- _Work instructions_
Exact wording is needed for every line from the one holding "Tiny Wood Ahşap" to the end of the records below; write those lines out and omit the pictures.

(Data records)
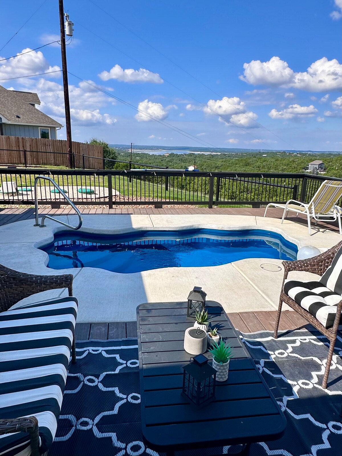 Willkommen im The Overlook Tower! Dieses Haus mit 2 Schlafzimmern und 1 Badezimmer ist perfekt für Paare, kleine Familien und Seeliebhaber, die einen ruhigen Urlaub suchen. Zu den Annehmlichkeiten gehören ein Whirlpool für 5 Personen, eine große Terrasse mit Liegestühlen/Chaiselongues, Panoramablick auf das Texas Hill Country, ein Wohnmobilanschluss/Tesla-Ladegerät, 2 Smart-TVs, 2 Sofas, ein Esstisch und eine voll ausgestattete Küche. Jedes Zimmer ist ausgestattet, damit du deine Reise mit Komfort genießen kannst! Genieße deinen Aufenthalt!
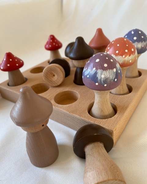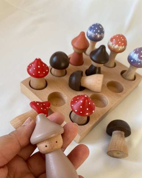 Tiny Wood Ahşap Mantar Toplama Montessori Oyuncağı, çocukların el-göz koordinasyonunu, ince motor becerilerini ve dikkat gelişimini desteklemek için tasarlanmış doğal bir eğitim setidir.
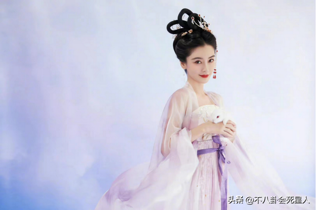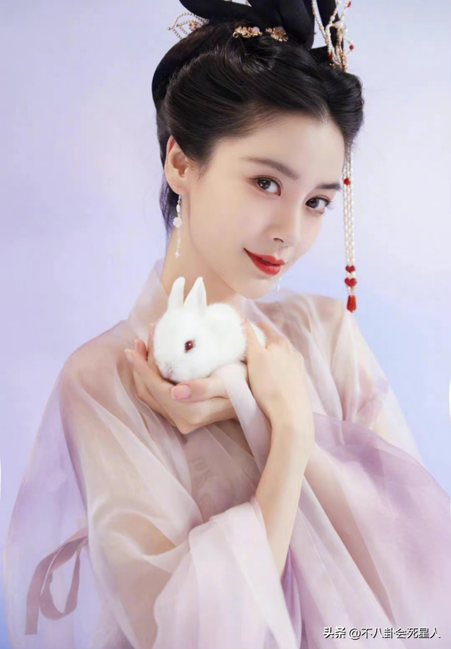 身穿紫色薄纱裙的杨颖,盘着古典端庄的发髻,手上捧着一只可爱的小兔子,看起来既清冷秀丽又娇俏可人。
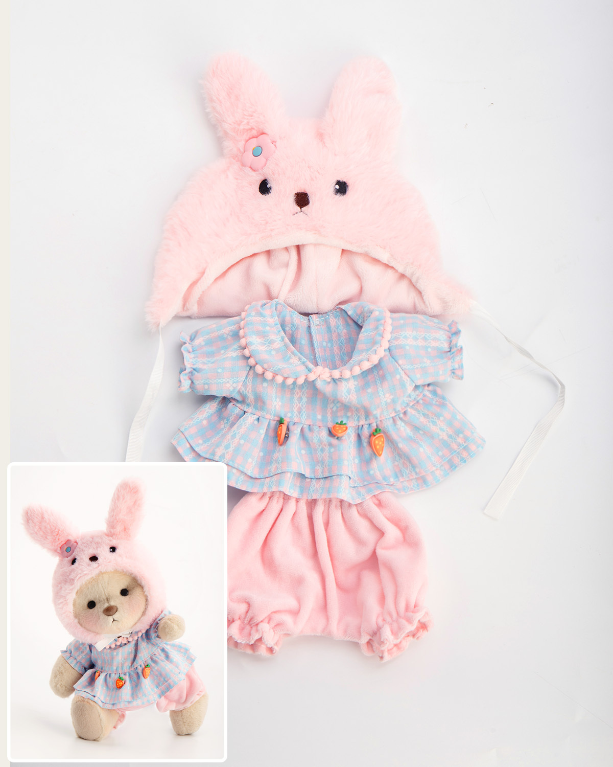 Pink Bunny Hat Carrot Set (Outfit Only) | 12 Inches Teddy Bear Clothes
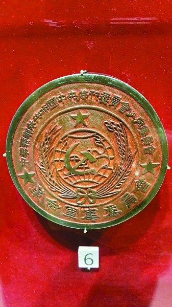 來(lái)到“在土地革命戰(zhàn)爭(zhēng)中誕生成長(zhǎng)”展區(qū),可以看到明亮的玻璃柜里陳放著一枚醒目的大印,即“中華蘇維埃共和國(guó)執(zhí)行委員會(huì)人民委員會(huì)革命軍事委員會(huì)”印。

- _Finished task_
 Tiny Wood Ahşap Mantar Toplama Montessori Oyuncağı, çocukların el-göz koordinasyonunu, ince motor becerilerini ve dikkat gelişimini desteklemek için tasarlanmış doğal bir eğitim setidir.
 身穿紫色薄纱裙的杨颖,盘着古典端庄的发髻,手上捧着一只可爱的小兔子,看起来既清冷秀丽又娇俏可人。
 Pink Bunny Hat Carrot Set (Outfit Only) | 12 Inches Teddy Bear Clothes
 來(lái)到“在土地革命戰(zhàn)爭(zhēng)中誕生成長(zhǎng)”展區(qū),可以看到明亮的玻璃柜里陳放著一枚醒目的大印,即“中華蘇維埃共和國(guó)執(zhí)行委員會(huì)人民委員會(huì)革命軍事委員會(huì)”印。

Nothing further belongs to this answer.